For information about other maximum configuration limits for the vSAN 6.6.1 release, see the Configuration Maximums documentation.

Known Issues

The following issues are known to occur in vSAN 6.6.1:

Custom ISOs are not supported in vSAN build recommendations for Update Manager
vSAN 6.6.1 does not support custom ISOs in its build recommendations for vSphere Update Manager. You cannot use custom ISOs as part of a vSAN system baseline. Baselines that use custom ISOs are considered Non-Compliant.

Workaround: None
When reconfiguring a vSAN cluster in a new vCenter Server, error messages appear
When you add an existing vSAN host to a new cluster in a new vCenter Server, you might see one of the following error messages:

Required field "objectSet" not provided (not @optional)

The request refers to an unexpected or unknown type.

These transient messages appear only when you monitor the process from the vSAN health page (Monitor > vSAN > Health). You can ignore these messages.

Workaround: None
Reconfiguring an existing stretched cluster under a new vCenter Server causes vSAN to issue a health check warning
When rebuilding a current stretched cluster under a new vCenter Server, the vSAN cluster health check is red. The following message appears: vSphere cluster members match vSAN cluster members

Workaround: Use the following procedure to configure the stretched cluster.
1. Use SSH to log in to the witness host.
2. Decommission the disks on witness host. Run the following command: esxcli vsan storage remove -s "SSD UUID"
3. Force the witness host to leave the cluster. Run the following command: esxcli vsan cluster leave
4. Reconfigure the stretched cluster from the new vCenter Server (Configure > vSAN > Fault Domains & Stretched Cluster).
During VCenter Server replacement, esxcli vsan health cluster list command displays health issues
During replacement of vCenter Server, the following command incorrectly displays health issues: esxcli vsan health cluster list It might report issues with network connectivity, physical disk health retrieval, and vSAN CLOMD liveness. Health checks displayed in vCenter report no issues.
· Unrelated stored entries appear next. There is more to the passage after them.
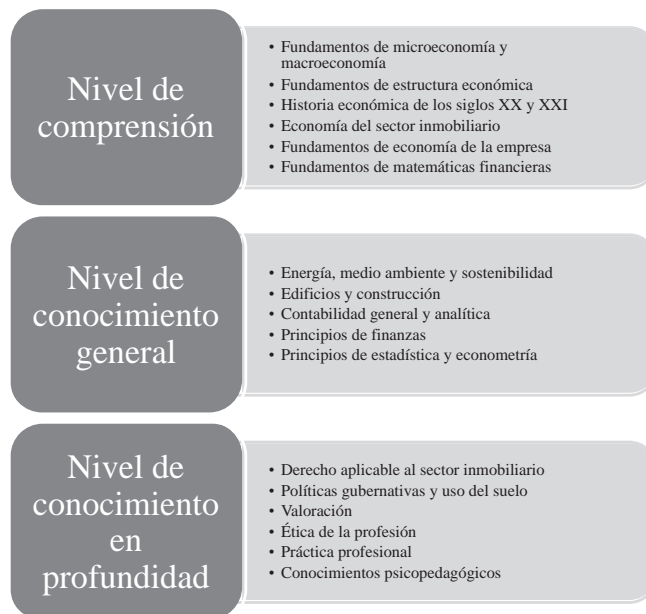
Figura 1. Plan de Formación

En base a los documentos antes citados, y a nuestra propia experiencia profesional, las materias que se deberían incluir en cada nivel serían las que se pueden encontrar en la figura 1.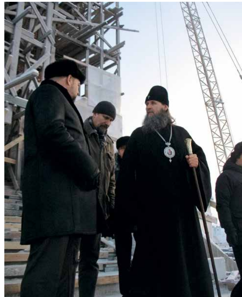
Рабочая планерка на ступенях строящегося Михаило-Архангельского кафедрального собора

Пока ОКН гниют в ожидании денег на ремонт из федеральной казны, архангелогородский бизнес активно жертвует на новый величественный собор в самом центре города. На берегу реки Северная Двина при помощи областных властей и под личным патронатом губернатора уже больше десятилетия возводится величественный кафедральный Михаило-Архангельский собор на три тысячи прихожан. Наружные строительномонтажные работы уже завершены: воздвигнуты купола с крестами, синхронизированы и окончательно настроены пятнадцать колоколов на четырех звонницах, завершена облицовка стен белым мрамором из Коелгинского месторождения (Казхстан). Гранитный камень для покрытия стилобата собора, а также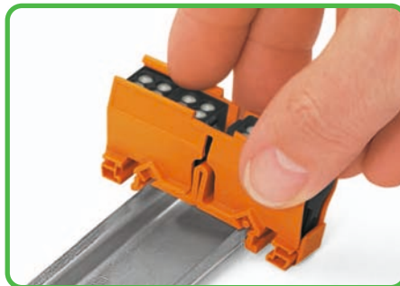
Aufrasten auf die Tragschiene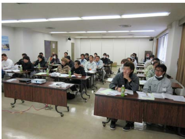
高所作業車特別教育

協力会社への教育支援として、一定の危険又は有害な業務に労働者を就かせる時などに実施しなければならない「特別教育」や、新たに現場職務に就くことになった職長に対して実施しなければならない「職長・安全衛生責任者教育」など、その事業主に代わってそれらの教育を実施しています。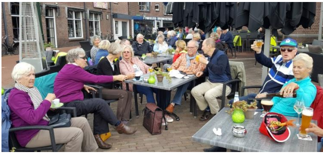
Afsluiting dag 2 bij Tante Pos.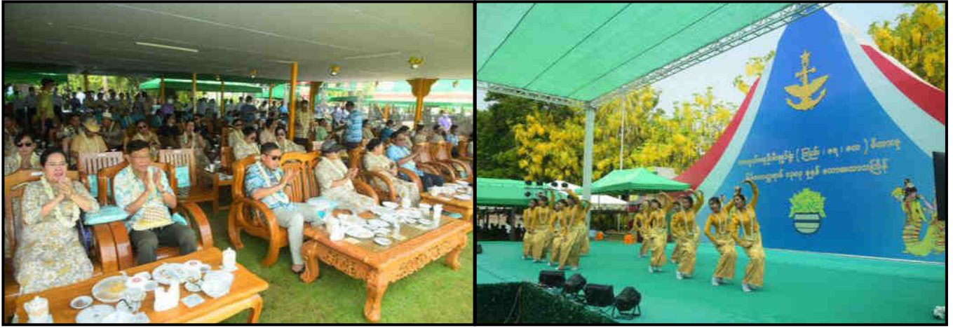
နိုင်ငံတော်စီမံအုပ်ချုပ်ရေးကောင်စီဒုတိယဥက္ကဋ္ဌ ဒုတိယတပ်မတော်ကာကွယ်ရေးဦးစီးချုပ်က ကာကွယ်ရေးဦးစီးချုပ်ရုံး(ကြည်း၊ ရေ၊ လေ) မိသားစုရေကစားမဏ္ဍပ်၌ ယိမ်းအဖွဲ့များ ကပြဖျော်ဖြေနေမှုအား ကြည့်ရှုအားပေးနေမှု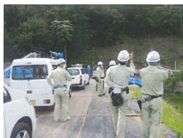
社内安全パトロール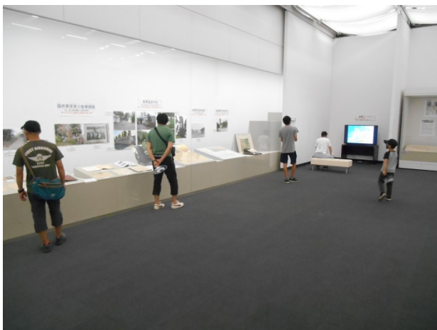
写真3 II章 (後半) と映像展示コーナー

Workaround: After VCenter Server replacement is complete, go to Cluster > Monitor > vSAN > Health. Select Cluster > vCenter state is authoritative, and click Update ESXi configuration.
Reconfiguring a vSAN cluster under a new vCenter Server fails due to vSAN cluster UUID mismatch
When adding hosts to an empty vSAN cluster in parallel, the task might fail. The following error message appears: The vSAN host cannot be moved to the destination cluster: vSAN cluster UUID mismatch...

This problem can occur when you recover an existing vSAN cluster in a new vCenter Server.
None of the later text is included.